Back Pages

How could something that was worthless 45 years ago still be worthless today? In the mind of a collector this should never happen. The mere act of preserving something fragile for that many decades should add some value.

In the case of tabloid newspapers it doesn’t. My stack of Jackie National Enquirers, International Tattlers. and Weekly World News that cost me 10 to 50 cents back in the day don’t even fetch the $4.95 of a current issue.

After all that effort, the archivist in me couldn’t allow them to be tossed or destroyed. I thought of salvaging them as bathroom art but who among us wants to see another door papered with Jackie Kennedy covers?

Then I decided rather than focus solely on her I would celebrate the toilet bowl genre of journalism that fed her celebrity so effectively.  There are a few Jackie front pages included but they are among more hard-hitting pieces like: the tallest known traveling salesman in the world at 8′ 2″; the woman who sprouted porcupine quills; and, the first ever pictures of the Antichrist.

To honor her lifelong struggle of protecting herself and her children from the hordes, Privacy Film was used to cover the articles. And the borders are neon yellow to warn of potential hazard: there are some dangerous ways of thinking out there.

It’s fascinating to think how appalled this refined woman must have been to have her gawkish likeness on two-bit tea towels and coffee cups. Then how she was turned into a cartoon character for the tabloids by the Kennedy publicity machine. They had no problem using her because it only increased the power of the family brand among the masses. Plus it gave her a few bargaining chips in life.

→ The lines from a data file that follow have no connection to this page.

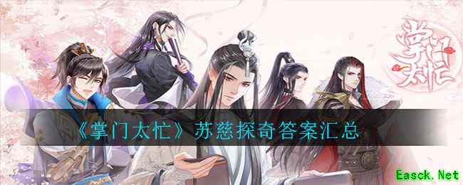 在掌门太忙中,为每一位掌门都准备了一套探奇问答哦,非常考验大家对他们的熟悉程度的呢,大家都知道这些题目的答案是什么吗?下面小编就来为大家介绍一下掌门太忙苏慈探奇问答全部答案吧。
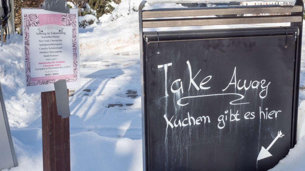Wir überqueren den Campingplatz, um dann wieder in den Wald einzutauchen, wo wir ein Wassertretbecken passieren (super Erfrischung im Sommer!). Weiter geht es auf dem Karstwanderweg (der tatsächlich geräumt wurde!) Richtung Bad Grund. Ich mag dieses kleine, verschlafene Bergbaustädtchen. Am Ortsausgang weckt das Café Flora mit einem Schild unsere Aufmerksamkeit: „Take Away – Kuchen gibt es hier“. Kurze Zeit später steht Wolfgang mit einer Tortenbox, Sekt und einer Rose vor mir – die „Valentinsbox für Verliebte“ – ach, das auch noch, heute ist ja Valentinstag – wahrlich eine Achterbahnfahrt der Gefühle …
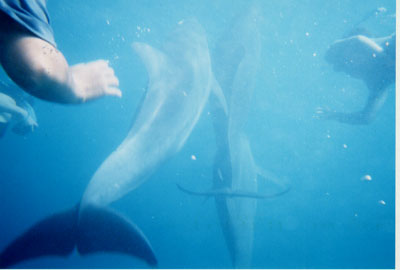 ■人は15人ほどいるのですがその間をスルリとイルカが泳ぎ抜けていきます。すぐ目の前を泳ぎ抜けていくこともあって、目も合ってしまいます。 |

It’s also hard to reconcile that figure with the one who studied art with Bernard Berenson and debated philosophy with Andre Malraux; who was the only one ever to convince the French to temporarily lend the Mona Lisa; whose influence brought the Temple of Dendur to the Met; and, who would charge clothing to Onassis’ haute couture accounts then immediately sell them to second hand shops to pad her cash on hand. You gotta do, girl, what you gotta do. It was the perversity of how she got ahead, and not so much idolatry, that appealed to me.

That was the inspiration for starting the collection 50 years ago. I was so much older then I’m younger than that now.